Without any pictures, retype exactly the lines that begin at the one holding "There was sanctuary" and end at the last line of the data below.

(Beginning of Data excerpt)

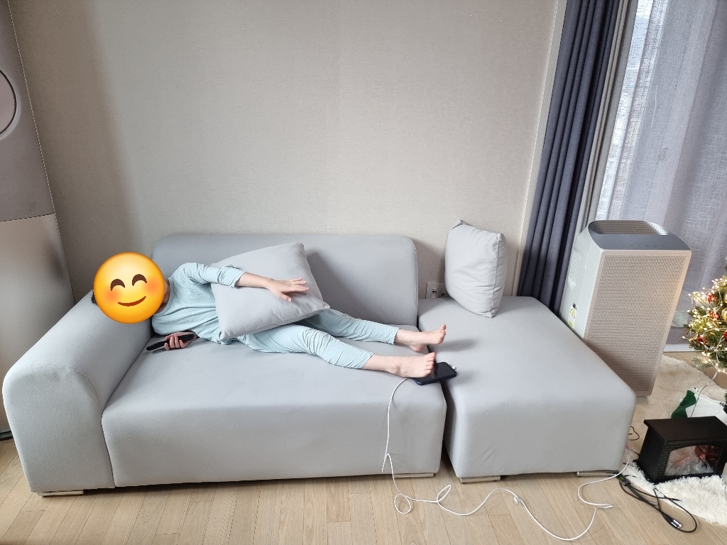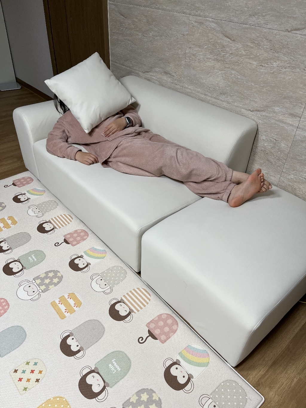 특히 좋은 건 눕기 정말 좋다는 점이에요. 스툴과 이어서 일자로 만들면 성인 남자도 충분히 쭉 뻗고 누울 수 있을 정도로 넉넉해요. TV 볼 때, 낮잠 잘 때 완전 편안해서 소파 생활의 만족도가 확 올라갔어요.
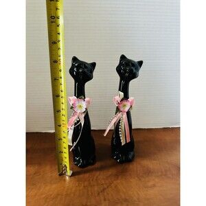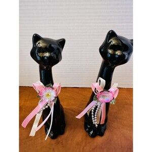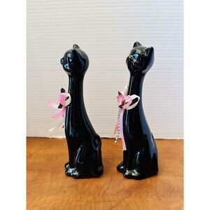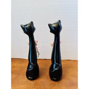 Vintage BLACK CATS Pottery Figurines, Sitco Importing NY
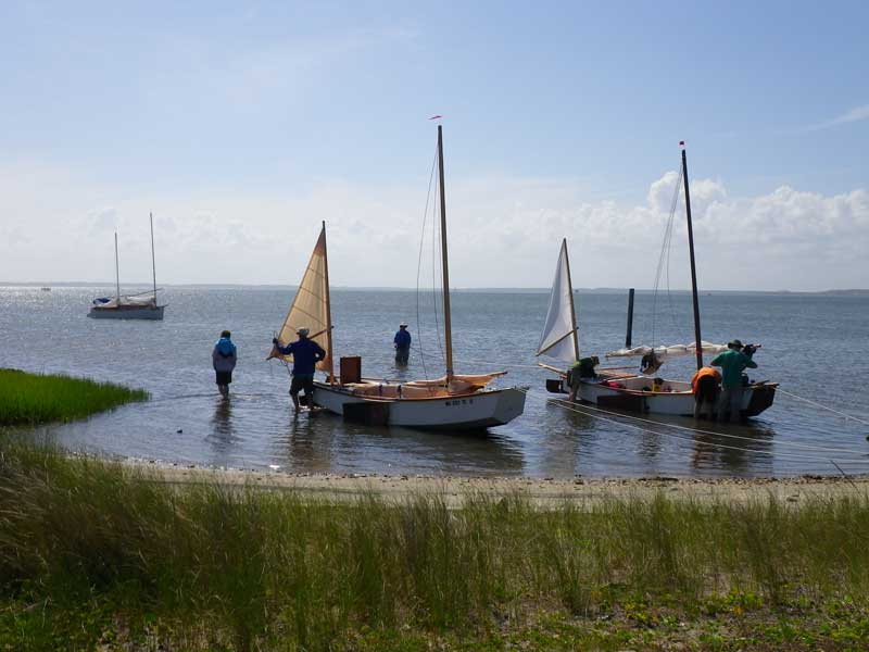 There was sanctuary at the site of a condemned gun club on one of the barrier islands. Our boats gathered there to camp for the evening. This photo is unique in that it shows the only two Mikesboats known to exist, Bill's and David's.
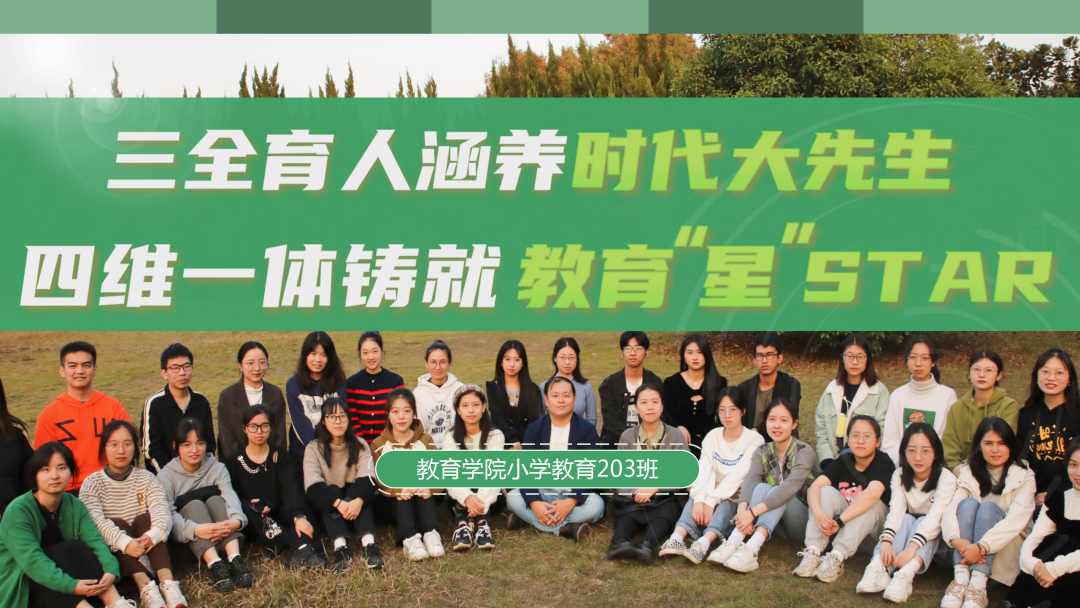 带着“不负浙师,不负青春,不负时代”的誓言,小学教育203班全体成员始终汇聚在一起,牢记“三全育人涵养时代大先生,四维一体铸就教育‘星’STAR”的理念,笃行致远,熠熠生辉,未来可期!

(End of Data excerpt)

## Task answer
 There was sanctuary at the site of a condemned gun club on one of the barrier islands. Our boats gathered there to camp for the evening. This photo is unique in that it shows the only two Mikesboats known to exist, Bill's and David's.
 带着“不负浙师,不负青春,不负时代”的誓言,小学教育203班全体成员始终汇聚在一起,牢记“三全育人涵养时代大先生,四维一体铸就教育‘星’STAR”的理念,笃行致远,熠熠生辉,未来可期!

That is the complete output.